Of the screenplay, he further stated, "Mark Stanfield is a good writer and a Beatles fan who has a lot of knowledge [...] Some of that stuff was ad-libbed by the actors because they really got into this, but Mark also wrote characters instead of stereotypes or caricatures."

In another interview, Stanfield discussed the decision to create a fictionalized account of actual people: "I didn't give it a lot of thought. Certainly, it's been done before, from Shakespeare through something like Melvin and Howard. And more recently, in films like Gods and Monsters. Shakespeare in Love, for that matter."

The film's technical advisor, Beatles historian Martin Lewis, conducted extensive research, drawing upon both his and Michael Lindsay-Hogg's personal knowledge of the band:

I spent a lot of time working on the project. I dug up hours of film, video, TV, and radio material of John and Paul—so that Aidan and Jared could immerse themselves in the characters they were portraying. Much of the material was rare. What I especially wanted to give them were tapes of John and Paul talking, when they were not "on"—but being themselves—as they obviously would be when the two of them were together, without others around. We also spent hours discussing their characters and the dynamic of their relationship [...] Aidan and Jared were incredibly hard-working.
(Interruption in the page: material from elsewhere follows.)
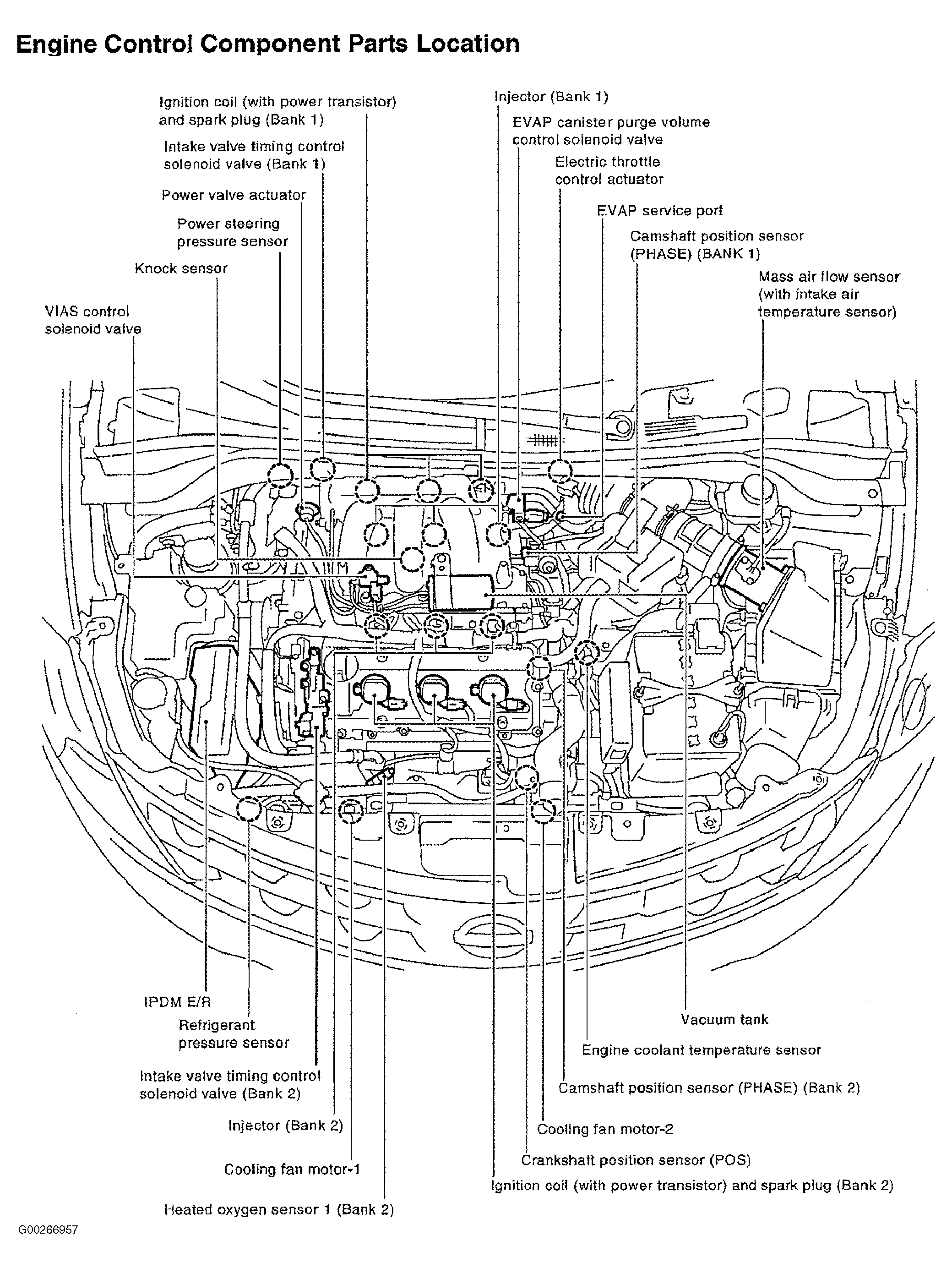 For engine control system component locations, see Figure-Figure . For ECM location, connector and terminal view, see Figure. For removal and installation of components, see appropriate REMOVAL & INSTALLATION article.

They took their work very seriously. Neither of them planned to be impersonating their characters. They wanted to capture the essence of them more than anything.
In a 2008 interview with Evi-Dance Radio (Toronto), cast member Derek Aasland said:The project just had all the right elements. It was the script, it was so very good. The smaller roles were written with heart. The stars, the director, and the subject matter of Lennon and McCartney. Fantastic. I am not ashamed to say I fought to be involved on this as I was shooting another picture at the time. Lucky for me Michael Lindsay-Hogg was keen to have me, and so all the producers just made it work. It was a deliciously memorable shoot just listening to Michael Lindsay-Hogg tell his personal stories of the Beatles. I was really thankful to be involved on this.

===Paul McCartney===
To further prepare for the role of Paul McCartney, Aidan Quinn traveled to Liverpool with actor Ian Hart (who had portrayed John Lennon twice, in the 1991 film The Hours and Times, and again in the 1994 film Backbeat). While there, he visited a number of places, including McCartney's childhood home.

Quinn discussed McCartney's reaction to the film in an April 2004 interview: "Just after I finished the film, I went on holiday and Paul McCartney was staying at the same place. I met him and we became quite friendly. Later, he saw the film and fortunately he liked it. It would have been terrible if he'd hated it."

===Soundtrack===
The original soundtrack by David Schwartz does not include any songs by the Beatles because "the producers could not get clearance from the notoriously difficult copyright holders, a company owned by Michael Jackson." Critic Jim DeRogatis notes that, "the movie was over before it struck me that the soundtrack was devoid of any Beatles songs [...] Such is our saturation in all things Beatles-related that their actual music isn't even missed in the movie. And maybe that should tell us something about getting back to what really matters in this group's legacy."

Critic Kevin Thompson further argues:

Lauren Zalaznick, VH1's senior vice president of original programming and development, notes, 'This movie is all about two souls, arguably the most famous musicians of our time. It's not an excuse for a Beatles hit parade.' Well, VH1 tried to get the rights to some Beatles songs, but wasn't successful. The songs weren't necessary, however. On the surface, Two of Us is about a long overdue meeting between two music industry icons. Look deeper and the film is really about friendship and loss.